À tarde, foi ouvido um advogado, que chegou a ser réu no processo, mas depois deixou a lista de acusados após uma decisão do Tribunal de Justiça. O nome da testemunha havia sido indicado pela defesa do réu Leandro, que desistiu da oitiva, mas os advogados de Israel mantiveram o pedido para que ele fosse ouvido. O depoimento, que se iniciou às 14h21min, foi realizado por meio de videoconferência.
— Me causa muito sofrimento, muita dor, participar de algo que por nenhum instante pactuei. Ser taxado de neonazista, racista, no ambiente que eu cresci, destruiu minha vida — disse o advogado, que atualmente reside no Paraná.
Contrapontos
O que diz a defesa de Israel Andreotti da Silva
Os advogados José Paulo Schneider dos Santos, Matheus da Silva Antunes e João Augusto Ribeiro Kovalski enviaram nota, na qual sustentam a inocência do cliente e alegam que Israel nunca teve posição de liderança nesses grupos neonazistas. A defesa sustenta que o réu chegou a integrar um grupo, mas se retirou antes de 2005. Confira a nota:
"A defesa de Israel Andreotti da Silva aguarda há quase 18 anos o desfecho deste injusto processo. Adverte-se que, durante o julgamento, serão apresentadas provas da inocência de Israel, sobretudo os áudios constantes no processo, que explicam, de maneira detalhada, a dinâmica e quem foram os verdadeiros responsáveis deste bárbaro crime. Será demonstrando, ainda, que Israel jamais exerceu liderança nos grupos investigados, sendo que a própria denúncia não lhe atribui tal fato. Ademais, será provado que, à época dos fatos, Israel não possuía qualquer tipo de contato ou ligação com as pessoas investigadas. Por fim, esta defesa confia nos Jurados e Juradas do Porto Alegre/RS que, com tranquilidade, responsabilidade e coerência irão desfazer aquele que é o maior e mais longo erro da história do Judiciário gaúcho".

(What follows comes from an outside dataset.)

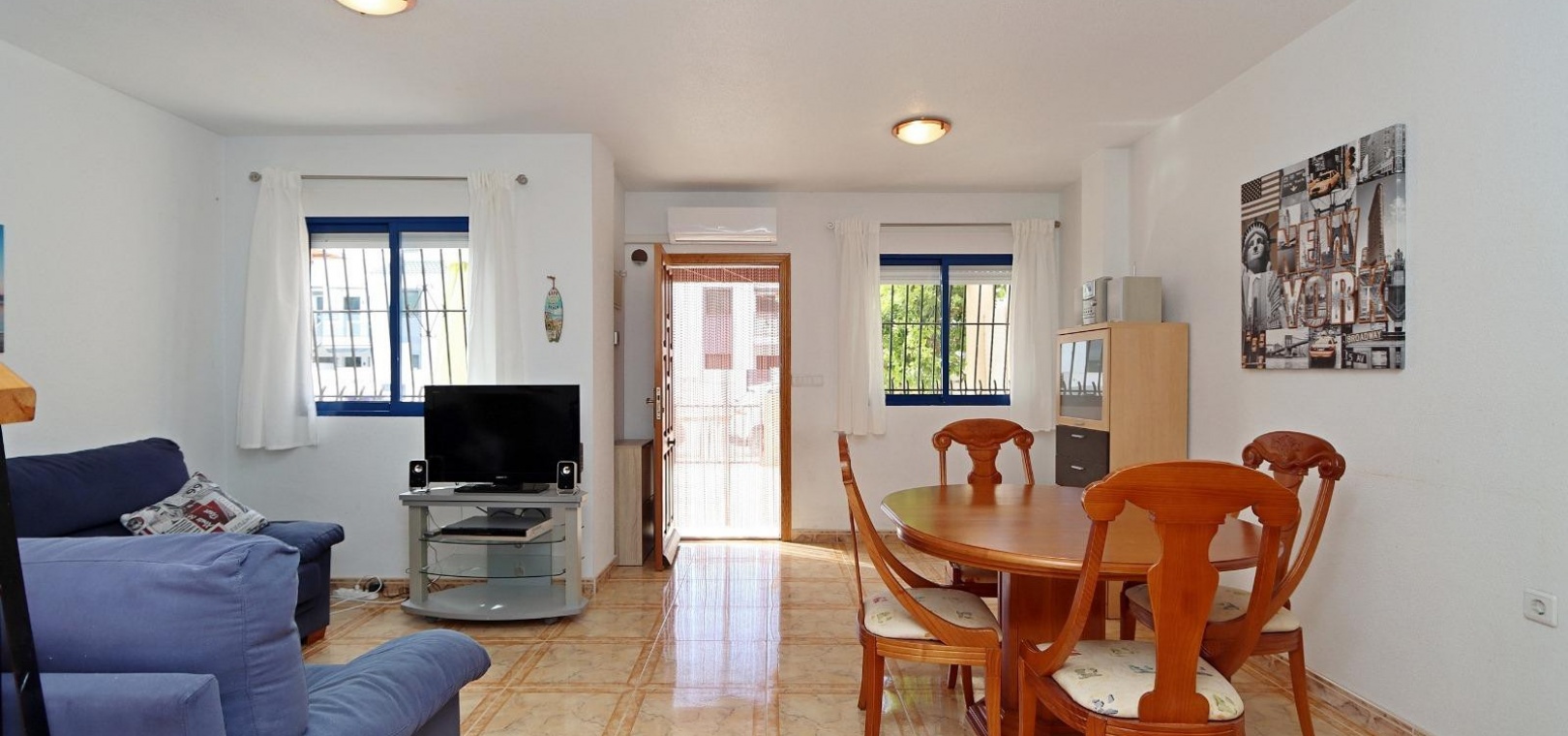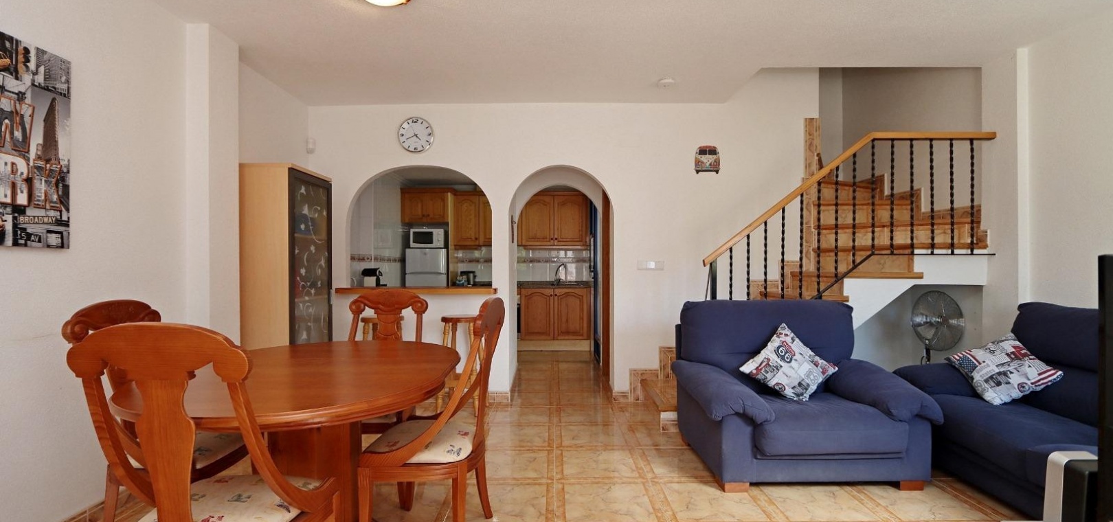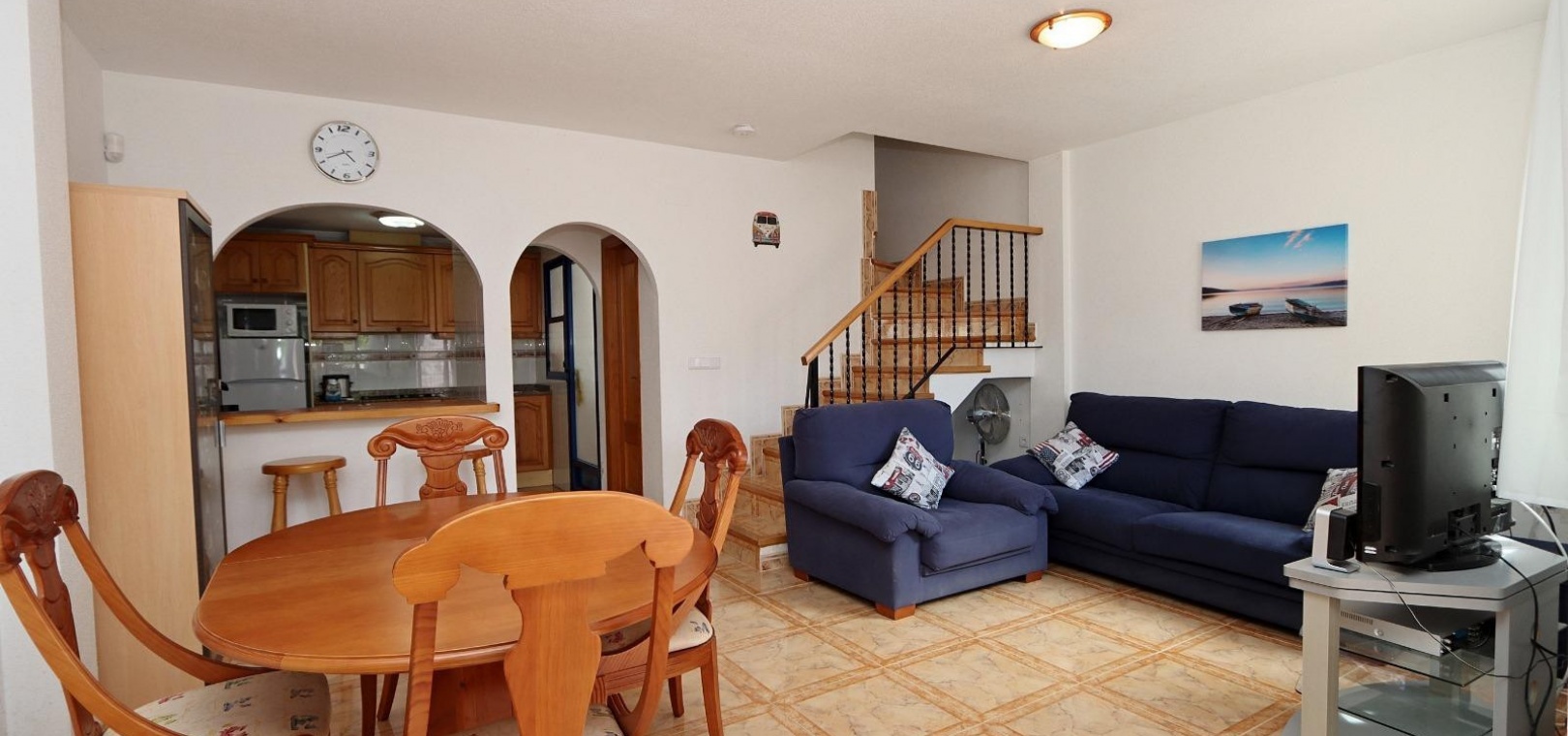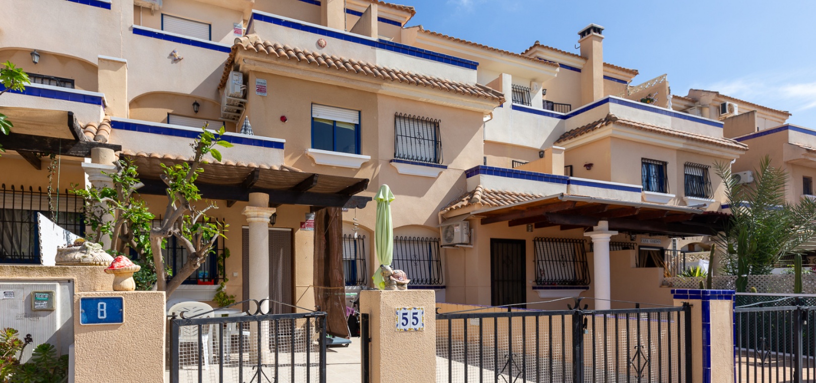 Ausgezeichnete Lage für dieses etablierte Stadthaus, nur 800 m vom Strand La Zenia entfernt. Die Immobilie bietet 3 Schlafzimmer, ein Hauptschlafzimmer mit 5 m² großem Balkon und Sonnenterrasse, 2 Badezimmer (eines im Erdgeschoss mit Dusche und WC und eines im ersten Stock mit Vollbad), ein Wohn-/Esszimmer und eine teilweise separate Küche mit angrenzendem Hauswirtschafts-/Waschraum. Der Außenbereich bietet einen pflegeleichten Garten/eine Terrasse mit Parkplatz auf dem Gelände und ein Solarium für ganzjährige Sonne. Das Haus wird teilmöbliert und schlüsselfertig mit Extras wie Klimaanlage, Haushaltsgeräten, Sicherheitsrollläden und -gittern verkauft. Die Anlage mit Pool für Erwachsene und Kinder liegt nur einen Steinwurf von lokalen Bars, Restaurants, Supermärkten, einem Taxistand, dem Einkaufszentrum La Zenia Boulevard und natürlich dem mit der Blauen Flagge ausgezeichneten Strand La Zenia entfernt. Die AP7 und die Küstenstraße N332 zu den Flughäfen Murcia und Alicante sind leicht zu erreichen. Ein perfektes Einfamilienhaus oder eine Investitionsmöglichkeit zur Miete.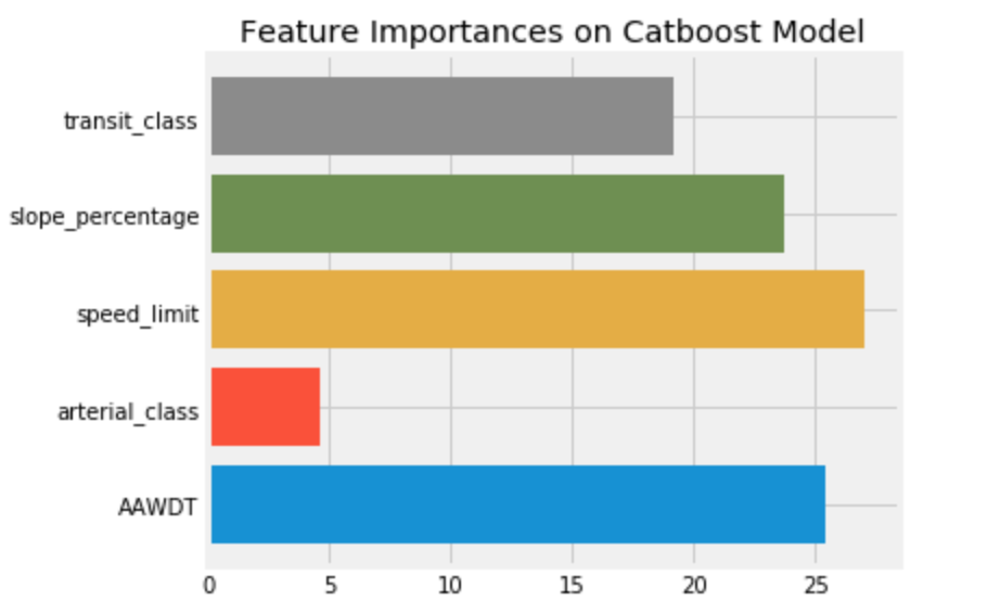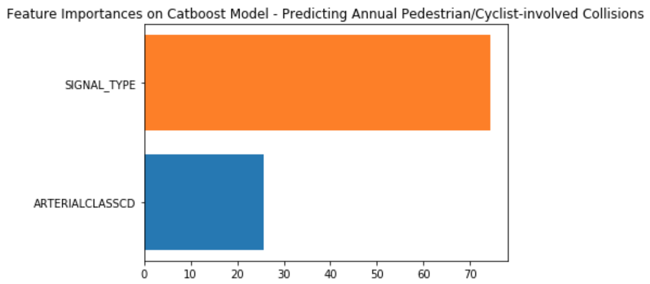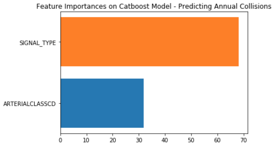 Our second approach was to aggregate annual collision counts on the Seattle Streets and Intersections datasest and apply machine learning to predict annual number of accidents on meta features: transit class, slope percentage, speed limit, arterial class and average daily traffic counts for streets; signal type, arterial class and traffic circle (yes/no) for intersections. We used CatBoost for these models because it's Gradient Boosted Random Forest Algorithm is similar to LightGBM but it can handle strings categorically (LightGBM can only interpret integers). It's important to note that the Streets dataset contains multiple iterations of many streets (i.e. 1st Ave N between Broadway and Cherry, 1st Ave N between Pine and Yesler). We did not determine the time it would talk to meticulously map each collision to a particular street segment was a constructive use of time considering all other ML problems in the data, so the median values of the aforementioned features were taken for each named street. The intersections data does not have the same problem, but there are fewer features to study. Ultimately this effort was meant to inform further data analysis and supplement findings therein as the algorithm itself lends little to shape policy.

O que diz a defesa de Valmir Dias da Silva Machado Júnior
Os advogados Manoel Pedro Castanheira e Gustavo Gemignani enviaram nota, na qual também afirmam a inocência do cliente. Confira:
"A defesa de Valmir Dias da Silva Machado Júnior, por seus procuradores Manoel Pedro Castanheira e Gustavo Gemignani, afirma que será, na defesa em plenário, que se comprovará a total inocência de seu cliente, com a prova já apresentada no processo, desde seu início. Reafirma a total confiança de que será feita a justiça a Valmir".
O que diz a defesa de Leandro Maurício Patino Braun
Procurado, o advogado Rodrigo de Lima Noble optou por não se manifestar sobre o caso.